Voice recognition software built into many mobile phones has also improved markedly in recent years, with machine learning algorithms now reducing mistakes and errors to fewer than five per cent, which is about the same margin of error a human would make when listening to audio dialogue - and it is still improving.

Therefore, Hinton explained, if these models can be transferred to other tasks - such as more easily rendering meaning from documents for the purposes of search engine algorithms - then it could get to the point where in order to fulfil its designated task, a machine would start thinking like a human.

"The implications of this for document processing are very important. If we convert a sentence into a vector that captures the meaning of the sentence, then Google can do much better searches; they can search based on what's being said in a document," Professor Hinton told the audience at The Royal Society.

"Also, if you can convert each sentence in a document into a vector, then you can take that sequence of vectors and [try to model] natural reasoning. And that was something that old fashioned AI could never do," he continued, explaining that this means machines could potentially teach themselves to think like people.

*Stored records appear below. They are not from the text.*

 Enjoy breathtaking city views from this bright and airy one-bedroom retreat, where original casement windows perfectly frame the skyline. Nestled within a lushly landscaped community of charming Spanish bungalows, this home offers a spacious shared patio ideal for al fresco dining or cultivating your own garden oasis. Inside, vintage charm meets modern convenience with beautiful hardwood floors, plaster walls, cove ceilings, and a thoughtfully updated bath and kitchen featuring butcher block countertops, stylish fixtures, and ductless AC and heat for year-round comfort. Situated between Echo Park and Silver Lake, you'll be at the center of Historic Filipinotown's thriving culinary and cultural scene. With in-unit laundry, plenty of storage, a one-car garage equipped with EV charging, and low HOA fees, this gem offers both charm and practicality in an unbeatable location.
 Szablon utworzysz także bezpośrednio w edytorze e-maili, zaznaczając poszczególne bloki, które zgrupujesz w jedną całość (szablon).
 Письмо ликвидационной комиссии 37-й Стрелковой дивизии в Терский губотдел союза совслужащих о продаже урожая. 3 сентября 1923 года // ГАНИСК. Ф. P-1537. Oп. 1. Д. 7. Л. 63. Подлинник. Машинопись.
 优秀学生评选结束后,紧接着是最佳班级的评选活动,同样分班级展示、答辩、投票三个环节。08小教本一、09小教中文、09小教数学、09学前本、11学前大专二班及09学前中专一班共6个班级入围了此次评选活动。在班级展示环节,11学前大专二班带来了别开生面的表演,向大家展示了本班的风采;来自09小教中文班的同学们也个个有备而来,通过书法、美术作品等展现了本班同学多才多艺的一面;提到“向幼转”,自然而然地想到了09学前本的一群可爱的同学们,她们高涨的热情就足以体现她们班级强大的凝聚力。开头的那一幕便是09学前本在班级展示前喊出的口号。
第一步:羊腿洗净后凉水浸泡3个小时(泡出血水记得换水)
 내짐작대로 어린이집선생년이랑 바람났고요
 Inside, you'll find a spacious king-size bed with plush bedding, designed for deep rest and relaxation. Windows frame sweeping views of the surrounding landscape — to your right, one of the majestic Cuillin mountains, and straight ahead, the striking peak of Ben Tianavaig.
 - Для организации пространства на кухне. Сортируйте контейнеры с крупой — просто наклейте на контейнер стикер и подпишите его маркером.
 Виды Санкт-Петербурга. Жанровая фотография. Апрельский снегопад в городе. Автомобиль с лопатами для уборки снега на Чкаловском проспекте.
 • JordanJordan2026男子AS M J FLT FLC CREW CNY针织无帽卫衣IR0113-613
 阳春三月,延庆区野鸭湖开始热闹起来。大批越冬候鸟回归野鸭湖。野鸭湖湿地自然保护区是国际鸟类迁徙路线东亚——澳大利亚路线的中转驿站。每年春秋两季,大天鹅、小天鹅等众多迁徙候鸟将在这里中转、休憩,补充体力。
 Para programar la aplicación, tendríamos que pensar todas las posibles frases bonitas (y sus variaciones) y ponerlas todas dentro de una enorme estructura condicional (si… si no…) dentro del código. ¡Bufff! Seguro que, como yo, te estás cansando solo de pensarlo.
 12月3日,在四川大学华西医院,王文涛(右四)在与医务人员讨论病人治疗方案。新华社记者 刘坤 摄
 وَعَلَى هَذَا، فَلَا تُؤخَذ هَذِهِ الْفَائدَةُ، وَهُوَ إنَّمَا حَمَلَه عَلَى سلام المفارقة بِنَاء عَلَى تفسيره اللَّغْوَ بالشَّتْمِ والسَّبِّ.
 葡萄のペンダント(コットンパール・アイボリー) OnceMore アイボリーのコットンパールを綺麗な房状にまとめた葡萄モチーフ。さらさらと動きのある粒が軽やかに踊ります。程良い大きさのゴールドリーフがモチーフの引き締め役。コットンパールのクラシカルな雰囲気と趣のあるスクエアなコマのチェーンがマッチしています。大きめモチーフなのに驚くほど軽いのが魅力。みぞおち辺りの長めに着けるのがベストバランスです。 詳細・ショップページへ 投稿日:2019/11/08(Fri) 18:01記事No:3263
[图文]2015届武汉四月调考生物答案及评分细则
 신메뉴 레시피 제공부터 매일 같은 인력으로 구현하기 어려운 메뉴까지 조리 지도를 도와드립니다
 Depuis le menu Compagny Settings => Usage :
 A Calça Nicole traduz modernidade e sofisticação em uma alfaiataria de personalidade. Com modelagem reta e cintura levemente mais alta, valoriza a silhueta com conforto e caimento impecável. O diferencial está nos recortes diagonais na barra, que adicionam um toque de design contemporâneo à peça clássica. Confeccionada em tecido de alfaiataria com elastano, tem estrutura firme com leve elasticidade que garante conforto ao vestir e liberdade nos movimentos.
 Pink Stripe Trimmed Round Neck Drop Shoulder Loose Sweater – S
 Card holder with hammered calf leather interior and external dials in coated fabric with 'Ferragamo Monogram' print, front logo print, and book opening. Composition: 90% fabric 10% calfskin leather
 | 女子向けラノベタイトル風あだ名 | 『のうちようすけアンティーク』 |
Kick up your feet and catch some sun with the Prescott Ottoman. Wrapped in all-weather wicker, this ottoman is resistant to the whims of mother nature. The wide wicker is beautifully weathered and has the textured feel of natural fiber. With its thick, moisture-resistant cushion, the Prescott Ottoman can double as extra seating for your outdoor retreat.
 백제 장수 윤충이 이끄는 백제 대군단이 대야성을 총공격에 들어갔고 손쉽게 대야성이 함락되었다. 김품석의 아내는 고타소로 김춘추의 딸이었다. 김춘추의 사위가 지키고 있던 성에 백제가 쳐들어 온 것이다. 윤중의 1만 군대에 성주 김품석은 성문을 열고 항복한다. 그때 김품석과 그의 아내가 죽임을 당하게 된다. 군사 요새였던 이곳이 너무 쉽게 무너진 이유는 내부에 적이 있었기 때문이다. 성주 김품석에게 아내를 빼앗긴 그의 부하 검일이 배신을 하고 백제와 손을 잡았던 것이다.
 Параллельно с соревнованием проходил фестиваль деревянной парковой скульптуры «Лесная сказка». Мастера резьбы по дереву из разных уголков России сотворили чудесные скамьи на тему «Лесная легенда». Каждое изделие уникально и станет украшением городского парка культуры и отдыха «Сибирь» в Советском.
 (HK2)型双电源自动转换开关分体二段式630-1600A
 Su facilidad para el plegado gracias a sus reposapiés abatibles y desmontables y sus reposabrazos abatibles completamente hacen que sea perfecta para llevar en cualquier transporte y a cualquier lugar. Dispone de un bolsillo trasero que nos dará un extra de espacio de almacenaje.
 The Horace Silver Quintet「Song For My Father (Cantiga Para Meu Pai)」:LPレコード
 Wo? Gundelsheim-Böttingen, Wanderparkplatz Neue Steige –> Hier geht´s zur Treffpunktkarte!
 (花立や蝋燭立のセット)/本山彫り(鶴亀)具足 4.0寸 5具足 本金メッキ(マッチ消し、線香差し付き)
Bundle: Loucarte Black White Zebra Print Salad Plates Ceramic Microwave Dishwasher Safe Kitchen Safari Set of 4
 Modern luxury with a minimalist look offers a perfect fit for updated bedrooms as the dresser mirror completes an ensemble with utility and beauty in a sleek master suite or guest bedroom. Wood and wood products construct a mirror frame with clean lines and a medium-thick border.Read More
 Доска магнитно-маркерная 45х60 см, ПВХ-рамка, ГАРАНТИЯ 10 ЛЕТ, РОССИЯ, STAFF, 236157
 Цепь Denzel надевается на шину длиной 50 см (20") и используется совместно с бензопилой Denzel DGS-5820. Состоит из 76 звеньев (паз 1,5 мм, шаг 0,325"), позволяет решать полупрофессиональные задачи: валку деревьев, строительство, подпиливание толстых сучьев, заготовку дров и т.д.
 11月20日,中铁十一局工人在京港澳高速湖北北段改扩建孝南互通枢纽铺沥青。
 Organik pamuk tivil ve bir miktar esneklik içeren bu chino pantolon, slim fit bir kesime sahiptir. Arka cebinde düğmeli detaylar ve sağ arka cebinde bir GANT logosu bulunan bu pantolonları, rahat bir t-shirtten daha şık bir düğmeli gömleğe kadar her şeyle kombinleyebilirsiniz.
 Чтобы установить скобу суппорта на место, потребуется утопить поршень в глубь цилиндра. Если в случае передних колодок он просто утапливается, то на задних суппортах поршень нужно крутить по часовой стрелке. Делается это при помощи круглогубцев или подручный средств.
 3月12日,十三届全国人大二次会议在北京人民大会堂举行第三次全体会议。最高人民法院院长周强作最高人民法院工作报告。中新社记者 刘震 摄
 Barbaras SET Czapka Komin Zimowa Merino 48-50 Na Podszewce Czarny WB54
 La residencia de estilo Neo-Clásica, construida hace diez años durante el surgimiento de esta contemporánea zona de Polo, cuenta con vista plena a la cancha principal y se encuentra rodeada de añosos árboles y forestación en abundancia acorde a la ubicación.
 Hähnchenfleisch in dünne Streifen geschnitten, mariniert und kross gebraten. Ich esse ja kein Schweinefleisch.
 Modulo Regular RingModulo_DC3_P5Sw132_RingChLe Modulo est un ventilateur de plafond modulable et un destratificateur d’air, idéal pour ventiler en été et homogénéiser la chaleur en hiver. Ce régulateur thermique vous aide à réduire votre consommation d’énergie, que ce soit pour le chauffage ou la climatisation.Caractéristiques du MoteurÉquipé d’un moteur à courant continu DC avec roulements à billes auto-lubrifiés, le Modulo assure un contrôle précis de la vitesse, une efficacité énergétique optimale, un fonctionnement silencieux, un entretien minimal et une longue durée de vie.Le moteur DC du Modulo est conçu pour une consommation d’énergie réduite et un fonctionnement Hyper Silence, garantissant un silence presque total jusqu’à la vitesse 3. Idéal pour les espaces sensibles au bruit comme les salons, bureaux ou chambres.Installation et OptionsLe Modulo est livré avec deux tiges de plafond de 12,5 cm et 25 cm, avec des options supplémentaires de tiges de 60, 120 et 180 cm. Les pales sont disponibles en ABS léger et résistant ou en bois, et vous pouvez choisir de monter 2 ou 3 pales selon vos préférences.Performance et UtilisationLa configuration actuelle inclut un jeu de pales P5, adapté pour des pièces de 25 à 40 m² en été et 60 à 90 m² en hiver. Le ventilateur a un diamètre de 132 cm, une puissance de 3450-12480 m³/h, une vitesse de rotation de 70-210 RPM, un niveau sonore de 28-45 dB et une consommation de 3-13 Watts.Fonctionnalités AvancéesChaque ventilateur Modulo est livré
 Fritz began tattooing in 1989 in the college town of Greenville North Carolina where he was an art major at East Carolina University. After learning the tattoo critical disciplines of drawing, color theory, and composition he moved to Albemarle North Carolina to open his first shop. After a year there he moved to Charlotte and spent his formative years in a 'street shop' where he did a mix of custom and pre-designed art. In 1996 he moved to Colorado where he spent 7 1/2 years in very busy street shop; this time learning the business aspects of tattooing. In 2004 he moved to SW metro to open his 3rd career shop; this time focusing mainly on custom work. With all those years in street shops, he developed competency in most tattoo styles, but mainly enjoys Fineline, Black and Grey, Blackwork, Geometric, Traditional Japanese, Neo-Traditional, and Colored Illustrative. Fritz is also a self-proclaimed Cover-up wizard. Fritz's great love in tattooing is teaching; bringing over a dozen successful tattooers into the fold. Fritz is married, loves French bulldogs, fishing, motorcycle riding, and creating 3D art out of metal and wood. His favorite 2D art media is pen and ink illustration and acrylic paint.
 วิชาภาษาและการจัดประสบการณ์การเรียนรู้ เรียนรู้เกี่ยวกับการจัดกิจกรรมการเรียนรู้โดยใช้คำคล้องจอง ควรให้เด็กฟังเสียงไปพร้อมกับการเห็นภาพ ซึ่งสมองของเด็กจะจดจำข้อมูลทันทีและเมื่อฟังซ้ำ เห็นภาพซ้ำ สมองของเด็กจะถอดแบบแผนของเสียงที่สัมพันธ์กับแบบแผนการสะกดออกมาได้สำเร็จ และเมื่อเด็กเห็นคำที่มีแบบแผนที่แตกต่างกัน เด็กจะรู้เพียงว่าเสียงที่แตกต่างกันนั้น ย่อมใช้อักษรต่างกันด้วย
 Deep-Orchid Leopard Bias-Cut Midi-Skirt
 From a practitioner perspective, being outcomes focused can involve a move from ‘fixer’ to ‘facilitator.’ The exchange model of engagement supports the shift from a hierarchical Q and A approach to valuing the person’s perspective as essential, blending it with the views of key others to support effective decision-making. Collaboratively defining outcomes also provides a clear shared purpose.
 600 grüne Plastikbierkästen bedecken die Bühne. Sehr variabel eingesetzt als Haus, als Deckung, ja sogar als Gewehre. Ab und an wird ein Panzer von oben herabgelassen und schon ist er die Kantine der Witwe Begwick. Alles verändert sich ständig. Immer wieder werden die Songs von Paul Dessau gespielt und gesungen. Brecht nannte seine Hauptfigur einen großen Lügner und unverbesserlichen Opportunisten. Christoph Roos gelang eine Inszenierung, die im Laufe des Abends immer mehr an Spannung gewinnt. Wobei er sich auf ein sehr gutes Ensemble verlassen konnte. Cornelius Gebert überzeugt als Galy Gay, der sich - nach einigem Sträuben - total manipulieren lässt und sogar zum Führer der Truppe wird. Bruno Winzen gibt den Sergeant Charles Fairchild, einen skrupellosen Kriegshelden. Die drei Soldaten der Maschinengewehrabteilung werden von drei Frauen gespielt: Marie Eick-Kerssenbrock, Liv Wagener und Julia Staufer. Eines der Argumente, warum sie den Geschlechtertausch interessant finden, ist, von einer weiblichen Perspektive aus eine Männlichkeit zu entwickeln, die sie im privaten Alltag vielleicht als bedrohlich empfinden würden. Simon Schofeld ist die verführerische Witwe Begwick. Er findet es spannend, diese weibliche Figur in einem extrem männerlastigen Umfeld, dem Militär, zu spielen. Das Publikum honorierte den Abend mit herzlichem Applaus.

"If we can read every English document on the web, and turn each sentence into a thought vector, you've got plenty of data for training a system that can reason like people do," Professor Hinton said.

"Now, you might not want it to reason like people do, but at least we can see what they would think.

"What I think is going to happen over the next few years is this ability to turn sentences into thought vectors is going to rapidly change the level at which we can understand documents," argued Professor Hinton.

"To understand it at a human level, we're probably going to need human level resources and we have trillions of connections [in our brains], but the biggest networks we have built so far only have billions of connections. So we're a few orders of magnitude off, but I'm sure the hardware people will fix that," he said.

Hinton believes that progress in machine learning will be driven by highly focused and curious individuals, rather than by government funded research with an end goal in mind.

"For deep learning, it's very clear that government funding encouraging translational research, if anything, slowed it down. What was important was curiosity driven research funded by, in this case David Sainsbury, not when he was Minister of Science, but in his private foundation," he said.

"In this case, the big long term advances come from breakthroughs you just wouldn't have thought of... The people who are best at coming up with those are curiosity driven scientists," Hinton concluded.

While Professor Hinton and other machine learning experts are excited by what machine learning could mean for increased productivity, there are those who fear that the introduction of artificial intelligence into the workplace could lead to mass job losses.